START Provided records

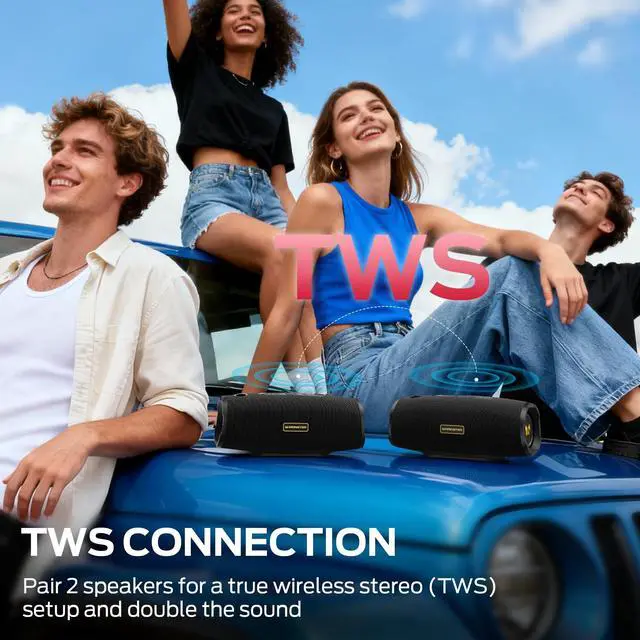 Monster S380 Bluetooth Speaker, Portable Speaker with 40W Stereo Sound, Bluetooth 6.0, 20H Playtime, TWS Pairing, Support AUX/TF Card, IPX6 Waterproof Wireless Speaker for Home, Travel, Outdoor
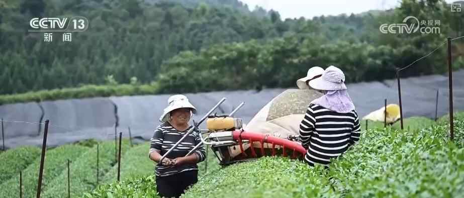 这里是贵州省黔南州瓮安县的一片1000多亩的茶园,海拔大约是1400多米。从空中俯瞰,一座座茶山就如同绿色的波涛连绵起伏。趁着这两天降雨停止,茶场的工人们正操作采茶机,加紧采收2025年的第三季茶叶,而这些茶叶就是制作抹茶的原材料。 遮阴处理作用大 茶叶鲜绿口味佳
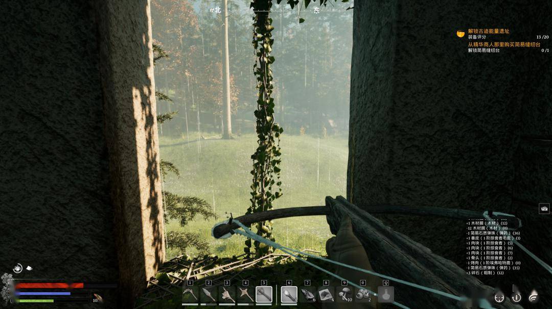 这些“神奇生物”有些也会有特殊的交互,比如游戏初期我躲在窝棚里搓材料的时候,就听到过一阵如同雷鸣般的怪物吼声。
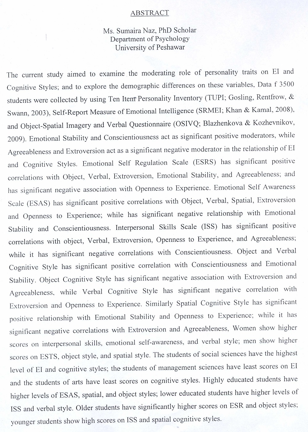 Ms. Sumaira Naz, a Ph.D. Research Scholar at the Department of Zoology, University of Peshawar has submitted her thesis entitled "Moderating Effects of Personality Traits on Emotional Intelligence and Cognitive Styles of University Students" to the University of Peshawar, in partial fulfillment of the requirement for the award of degree of Doctor of Philosophy (Ph. D) in the discipline of Psychology.
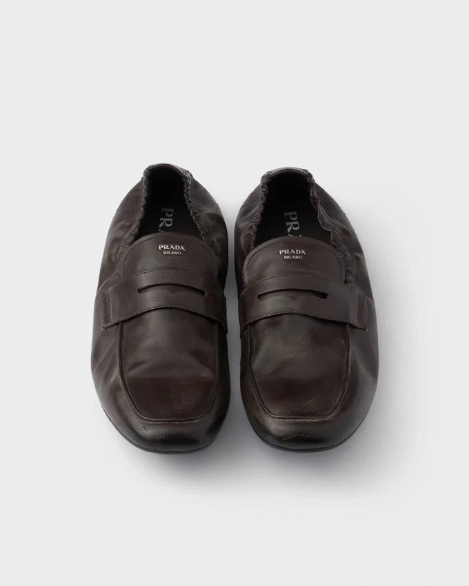 Loafers, a Classic of Formal Style, Are Reinterpreted with an Innovative and Completely Deconstructed Design. The Style Expresses an Evolution in Shoe Construction That Favors Light, Soft and Flexible Silhouettes. These Loafers Made of Antiqued Leather Have Sleek Lines and Are Decorated with the Refined Lettering Logo.
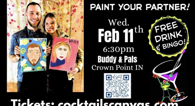 Join us for a delightful evening of creativity and laughter at Buddy & Pals in Crown Point Indiana! Whether you’re a seasoned artist or picking up a brush for the first time, no worries, our friendly instructors will be by your side every step of the way to guide you in painting a charming portrait of your partner.
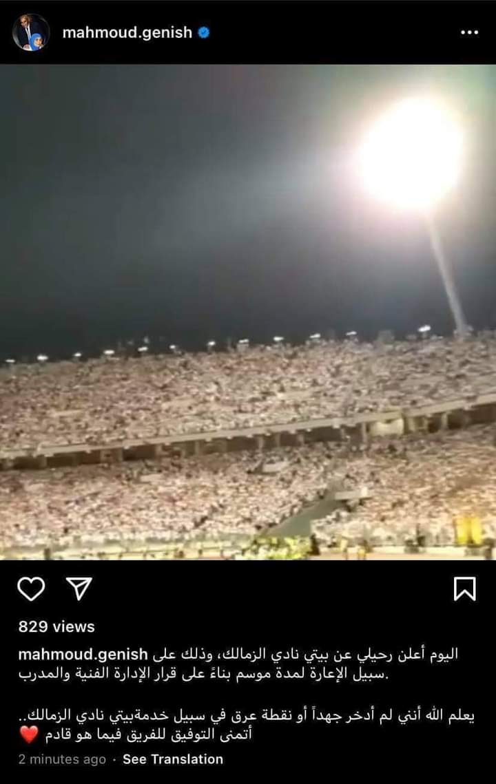 وأكد جنش عبر حسابه أن رحيله جاء نتيجة رغبة الإدارة الفنية وكارتيرون المدير الفني للفريق.

END Provided records

Task =>
Once the pictures are set aside, write out the entries verbatim.

Exercise response =>
 Monster S380 Bluetooth Speaker, Portable Speaker with 40W Stereo Sound, Bluetooth 6.0, 20H Playtime, TWS Pairing, Support AUX/TF Card, IPX6 Waterproof Wireless Speaker for Home, Travel, Outdoor
 这里是贵州省黔南州瓮安县的一片1000多亩的茶园,海拔大约是1400多米。从空中俯瞰,一座座茶山就如同绿色的波涛连绵起伏。趁着这两天降雨停止,茶场的工人们正操作采茶机,加紧采收2025年的第三季茶叶,而这些茶叶就是制作抹茶的原材料。 遮阴处理作用大 茶叶鲜绿口味佳
 这些“神奇生物”有些也会有特殊的交互,比如游戏初期我躲在窝棚里搓材料的时候,就听到过一阵如同雷鸣般的怪物吼声。
 Ms. Sumaira Naz, a Ph.D. Research Scholar at the Department of Zoology, University of Peshawar has submitted her thesis entitled "Moderating Effects of Personality Traits on Emotional Intelligence and Cognitive Styles of University Students" to the University of Peshawar, in partial fulfillment of the requirement for the award of degree of Doctor of Philosophy (Ph. D) in the discipline of Psychology.
 Loafers, a Classic of Formal Style, Are Reinterpreted with an Innovative and Completely Deconstructed Design. The Style Expresses an Evolution in Shoe Construction That Favors Light, Soft and Flexible Silhouettes. These Loafers Made of Antiqued Leather Have Sleek Lines and Are Decorated with the Refined Lettering Logo.
 Join us for a delightful evening of creativity and laughter at Buddy & Pals in Crown Point Indiana! Whether you’re a seasoned artist or picking up a brush for the first time, no worries, our friendly instructors will be by your side every step of the way to guide you in painting a charming portrait of your partner.
 وأكد جنش عبر حسابه أن رحيله جاء نتيجة رغبة الإدارة الفنية وكارتيرون المدير الفني للفريق.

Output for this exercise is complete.